I don't have pretty graphs and charts, but here are my observations ...

The low level API (the Restlet class and friends) is not materially
different from low level code written for Servlet.  When I looked at
this long ago (Restlet 1.0), I could not tell any externally
detectable performance difference between a Hello World Restlet and a
Hello World Servlet running on the same machine under the same Tomcat
6 instance.  I also tested a non-trivial WebDAV Servlet vs. a Restlet
port and did not observe any performance difference.

Now for the interesting part.  When I optimized the Restlet WebDAV
version to use the high level Resource API and less hand written
stuff, the performance *increased* a tiny fraction -- 3% or so in
requests served per second.  And from a user perspective, the
performance increased *much* more, because it now properly handled
conditional GETs and other operations that my original code did not
(and the JMeter based test harness did not test).  This made people
using the WebDAV layer feel a lot better liveness in their requests
and snappier performance in Explorer or Finder.

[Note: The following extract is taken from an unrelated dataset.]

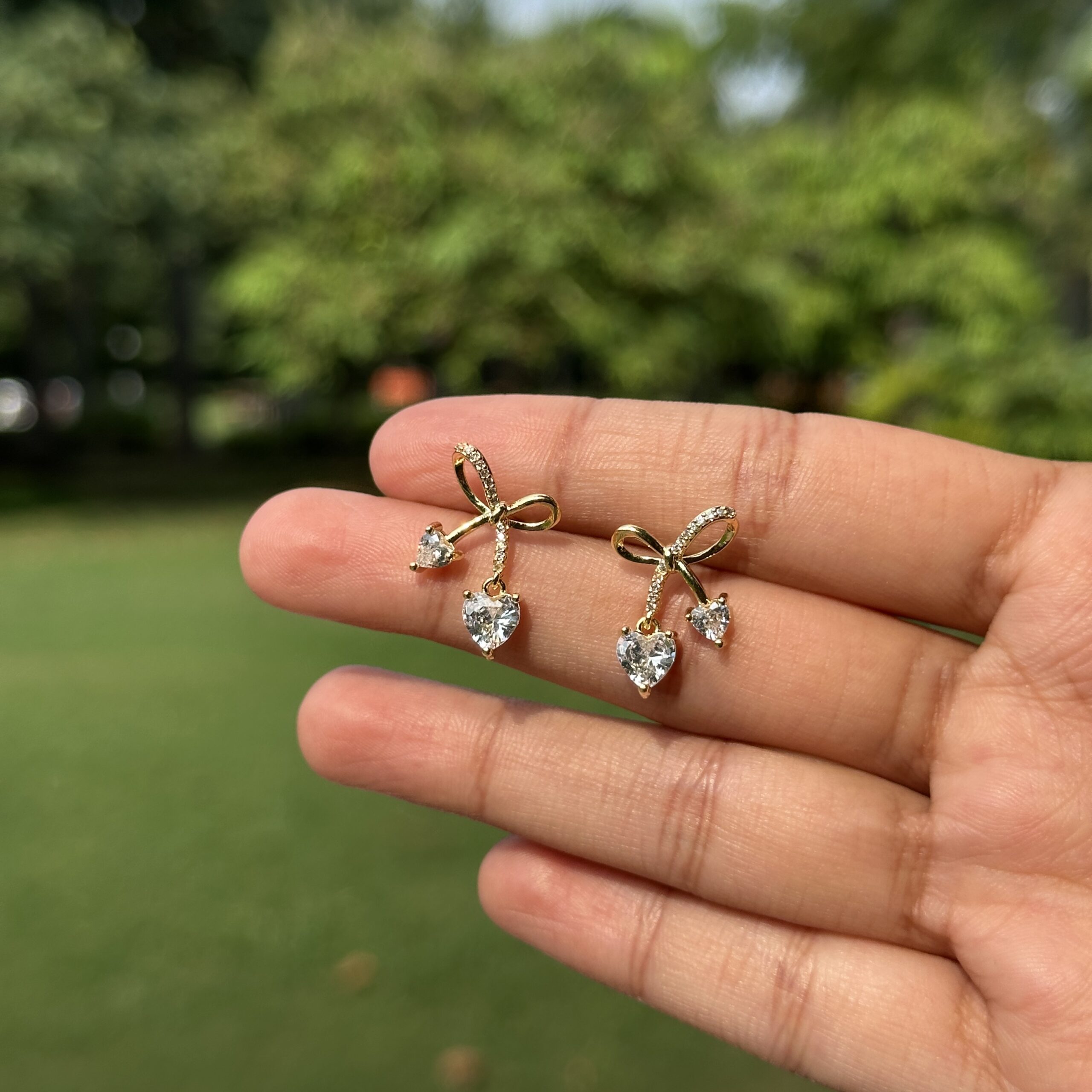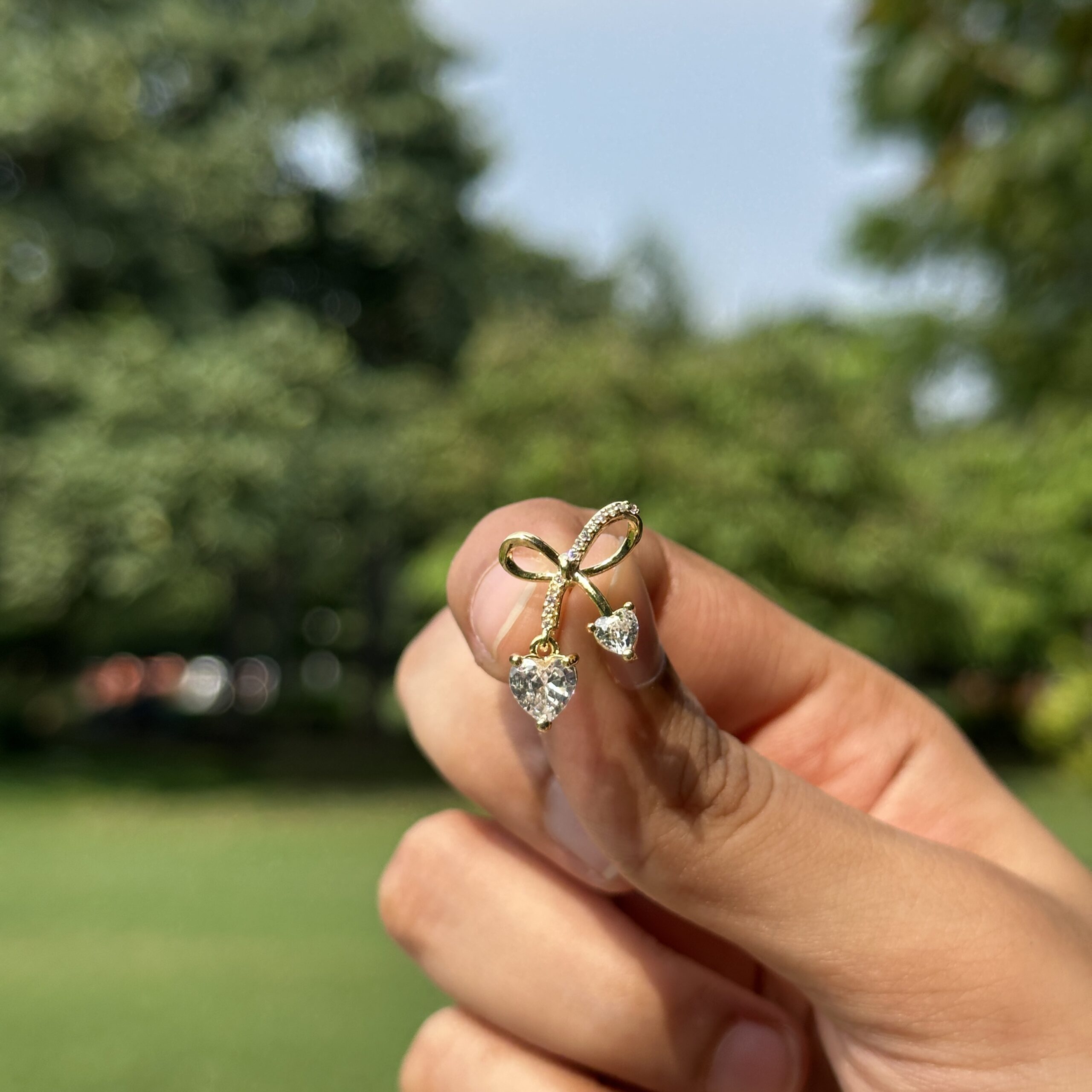 Bow Charm Earrings pair a delicate bow-top motif with two sparkling heart drops for a look that’s both playful and polished. The design centers on a slim ribbon stud, partly pavé-set with baguette and round cubic zirconia / AD stones, that splits into two fine stems holding a petite heart and a slightly larger heart-shaped cubic zirconia / AD drop. The mixed-scale composition creates a charming, asymmetrical balance that reads beautifully in photos and up close, making these bow drop earrings ideal for shoppers searching for cubic zirconia bow earrings, heart drop studs, or AD stone dangle earrings. Finished in a bright plated tone with an anti-tarnish coating, Ribbon Charm Earrings offer the shine of fine jewellery while remaining lightweight and comfortable enough for daily wear or special occasions.

This general observation has borne out as we've moved apps to Restlet.
 The app doesn't slow down any if we just glue our old code under
Restlet ... and the application performs drastically better when we
use Restlet well.

On Fri, Mar 20, 2009 at 12:27 PM, David Fogel <[email protected]> wrote:
> One of our questions in choosing to build our technology stack on top
> of Restlet is that we're not sure what the additional overhead is,
> given that Restlet adds some layers on top of, for instance, Jetty or
> Simple.  To put it another way: what is the price in performance that
> we need to pay for a better more RESTful API?